Step one for being a well-balanced skeptic of scientific research is to think about potential sources of bias in a study. Instead of dismissing the CSA study because the researchers couldn’t ensure completely random sampling of a population of 12 million women spread across the country, it is perhaps more productive to consider whether the researcher’s sampling design was likely to introduce bias in one direction or the other. For example, would you expect the incidence of sexual assault to be predictably higher/lower at the two universities surveyed in comparison with colleges throughout the rest of the country? If the answer is yes, it may not be appropriate to draw broad conclusions about the population from that study.

Second, it is important to be balanced in your consideration of the strengths and limitations of different studies. One of the most perplexing things about Yoffe’s article is that her skepticism seems completely one-sided. She attacks the CSA study for being unrepresentative, without exploring the representativeness of the other studies she mentioned in the article. Despite its limited sample size, the CSA might actually be a more representative sample than NCSV in some respects (depending on the population we are interested in learning about). It is unscientific to hold one study to a higher standard than another just because it doesn’t support your side of the story.

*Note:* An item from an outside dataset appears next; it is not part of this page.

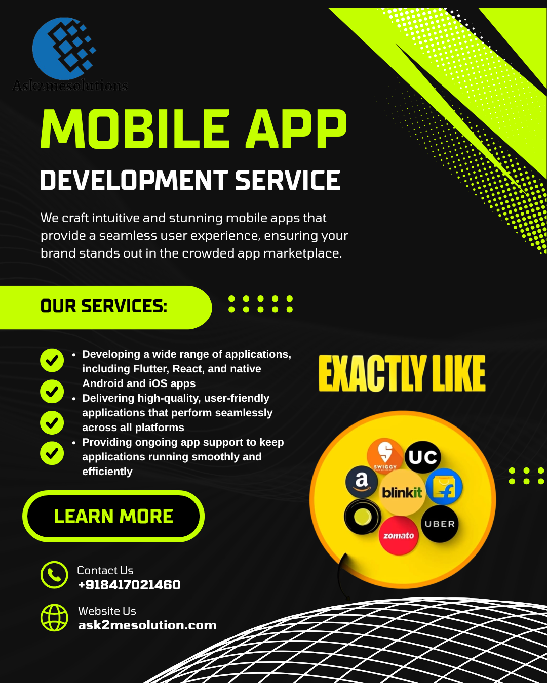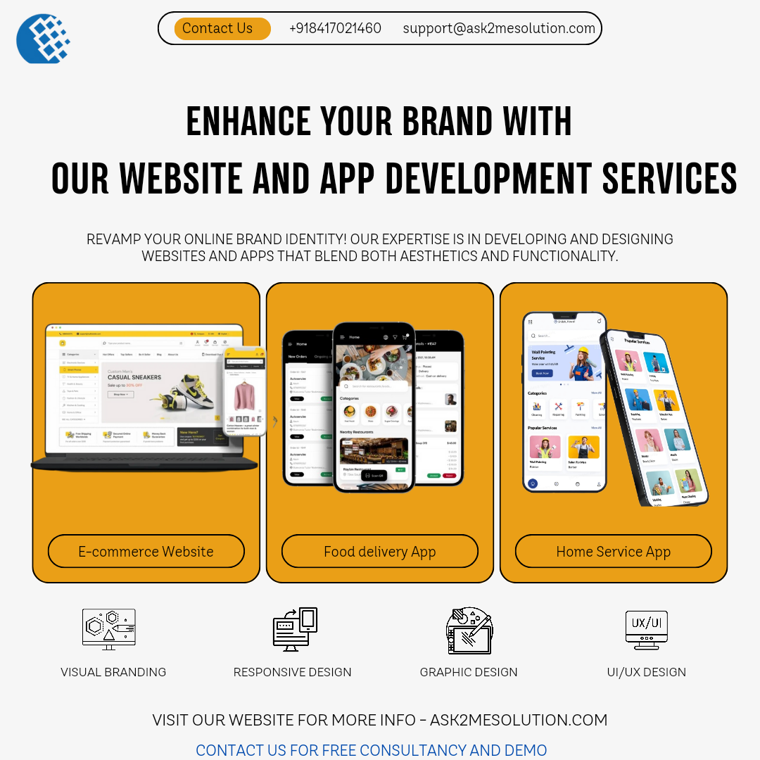 We design & develop Websites, Mobile Apps, Enterprise Software (ERP, CRM, HRM), E-commerce Platforms, Delivery Apps, Blockchain Solutions, AI Tools, and Digital Marketing Services—all under one roof!💡 Let’s turn your idea into reality

Articles like Yoffe’s purport to be less biased, but ultimately end up taking a flawed approach to interpreting the research in an effort to drive a point home. Science can help inform decisions about public policy, but only if approached in a scientific way. This means making an effort to understand the strengths and limitations of the studies we are considering, the reasons why we would expect studies to differ in their statistics, and the kinds of broader conclusions that are appropriate to draw from the data currently available. Otherwise, when it comes to discussing the science, we run the risk of making about as much sense as GOB Bluth.